WASHINGTON (Reuters) - Training by Turkish pilots on F-35 fighter jets has come to a faster-than-expected halt at a U.S. air base in Arizona, U.S. officials said on Monday, as the United States winds down Ankara’s involvement in the program over Turkey’s plans to buy a Russian air defense system.
The United States says Turkey’s acquisition of Russia’s S-400 air defenses poses a threat to the Lockheed Martin Corp’s F-35 stealthy fighters, which Turkey also plans to buy. Washington says Ankara cannot have both.
The move to halt training at Luke Air Force Base, first reported by Reuters, came just days after acting U.S. Defense Secretary Patrick Shanahan told his Turkish counterpart that Turkish pilots already in the United States could remain there until the end of July. That would have allowed time for more training and for Turkey to rethink its plans.

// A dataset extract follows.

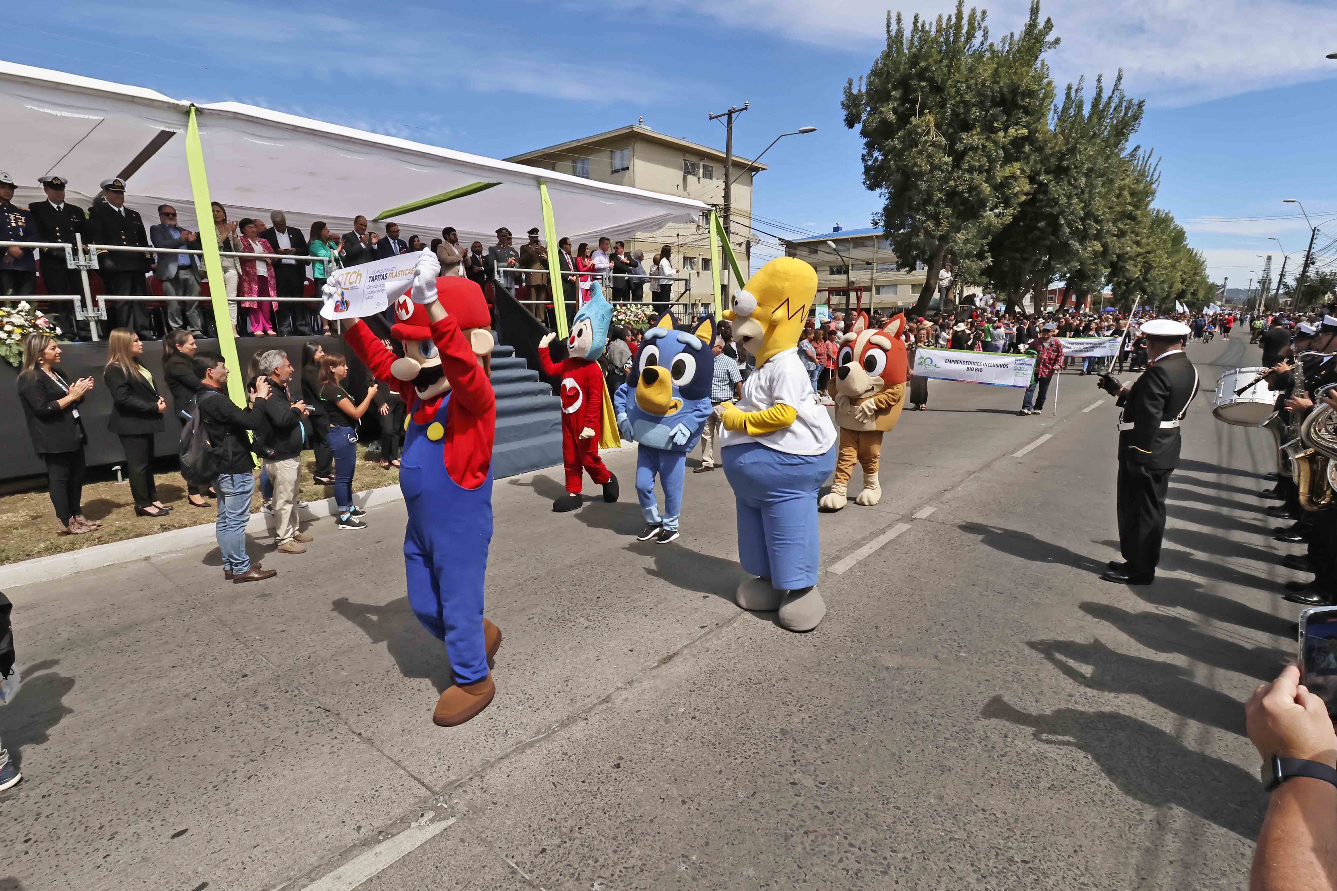 Hasta personajes infantiles pasaron frente al palco de autoridades.
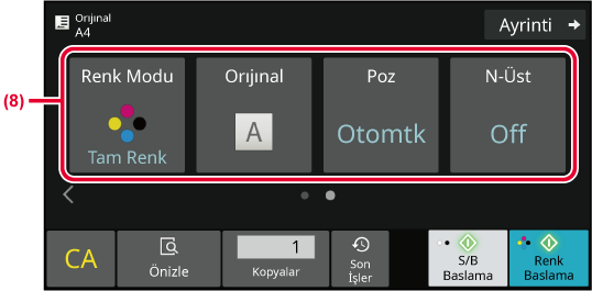 - Fotokopi modunda kullanılabilen işlevleri görüntüler.

“The department is aware that the Turkish pilots at Luke AFB are not flying,” Air Force Lieutenant Colonel Mike Andrews, a Pentagon spokesman, told Reuters.
“Without a change in Turkish policy, we will continue to work closely with our Turkish ally on winding down their participation in the F-35 program.”
A second U.S. official, speaking on condition of anonymity, told Reuters that a local commander at Luke decided last week to halt the training of Turkish pilots and maintenance crews over safety concerns.
Some training of Turkish maintenance personnel continues at Eglin Air Force Base in Florida, the official said.
If Turkey were removed from the F-35 program, it would be one of the most significant ruptures in recent history in the relationship with the United States, experts said.
But strains in U.S.-Turkish ties already extend beyond the F-35 to include conflicting strategy in Syria, Iran sanctions and the detention of U.S. consular staff in Turkey.
Reuters on Thursday first reported a U.S. decision to stop accepting more Turkish pilots to enter the United States for training, in what had been one of the most concrete signs that the dispute over the F-35 was reaching a breaking point.
Turkey seems to be moving ahead with the S-400 purchase, regardless of the U.S. warnings. President Tayyip Erdogan said last week it was “out of the question” for Turkey to back away from its deal with Moscow.
Defense Minister Hulusi Akar said on May 22 that Turkish military personnel were receiving training in Russia to use the S-400, and that Russian personnel may go to Turkey.